YOUR GOAL:
Retype every line from the start of the data down to and including the line with "Le Centre National". Skip the pictures.

DATASET CONTENT:
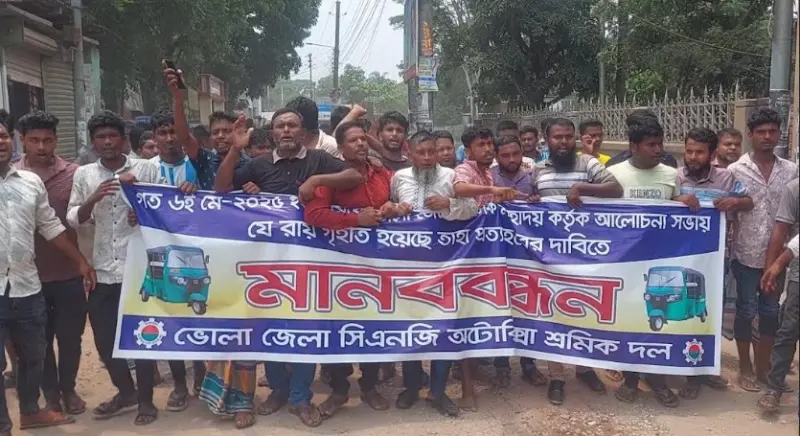 ভোলায় সিএনজি চালিত অটোরিকশা মালিক ও চালকদের উপর জেলা প্রশাসনের দেওয়া শর্ত শিথিলের দাবিতে মানববন্ধন ও বিক্ষোভ মিছিল করেছে জেলা সিএনজি অটোরিকশা চালক ও শ্রমিকরা।
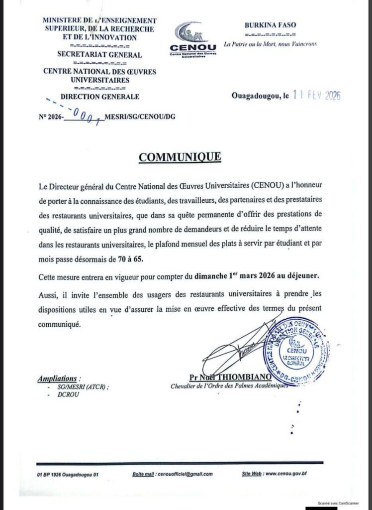 Le Centre National des Œuvres Universitaires réduit le plafond mensuel de repas autorisés par étudiant. C’est du moins ce qui ressort de ce communiqué en date du 11 février 2026. Le nombre maximum de plats qu’un étudiant peut consommer par mois passe de 70 à 65 et la mesure entrera en vigueur à compter du 1er mars 2026, dès le déjeuner.
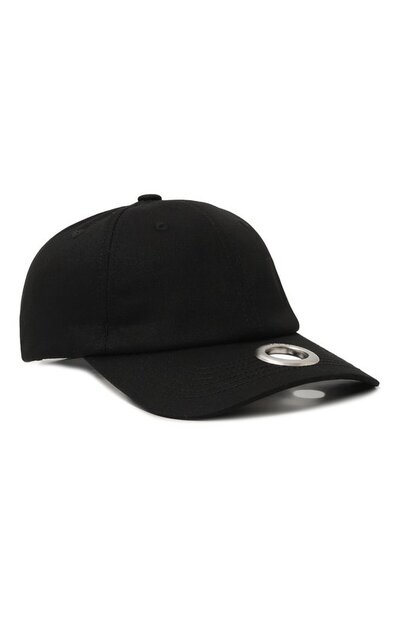 Черная бейсболка с эластичным узким ремешком, регулирующим посадку, сшита из прочного хлопкового габардина. Материал хорошо пропускает воздух, а изделия из него не мнутся и хорошо держат заданную форму. Изогнутый жесткий козырек украшен крупным люверсом с выгравированным логотипом бренда.
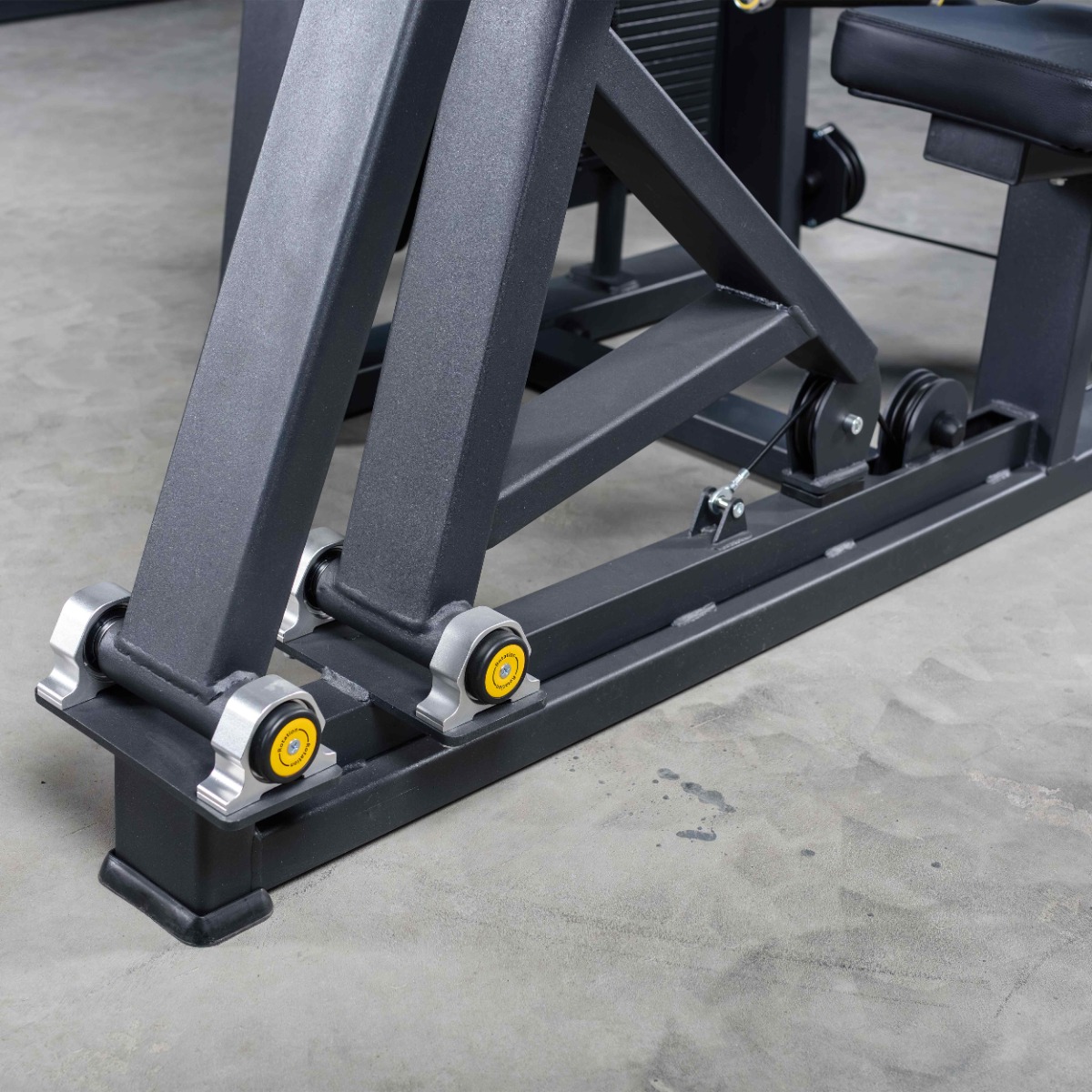 Система нагрузки – тросовая, с весовым стеком 100 кг. Весовой стек выполнен из стальных плит с порошковым покрытием.

PROBLEM SOLUTION:
 ভোলায় সিএনজি চালিত অটোরিকশা মালিক ও চালকদের উপর জেলা প্রশাসনের দেওয়া শর্ত শিথিলের দাবিতে মানববন্ধন ও বিক্ষোভ মিছিল করেছে জেলা সিএনজি অটোরিকশা চালক ও শ্রমিকরা।
 Le Centre National des Œuvres Universitaires réduit le plafond mensuel de repas autorisés par étudiant. C’est du moins ce qui ressort de ce communiqué en date du 11 février 2026. Le nombre maximum de plats qu’un étudiant peut consommer par mois passe de 70 à 65 et la mesure entrera en vigueur à compter du 1er mars 2026, dès le déjeuner.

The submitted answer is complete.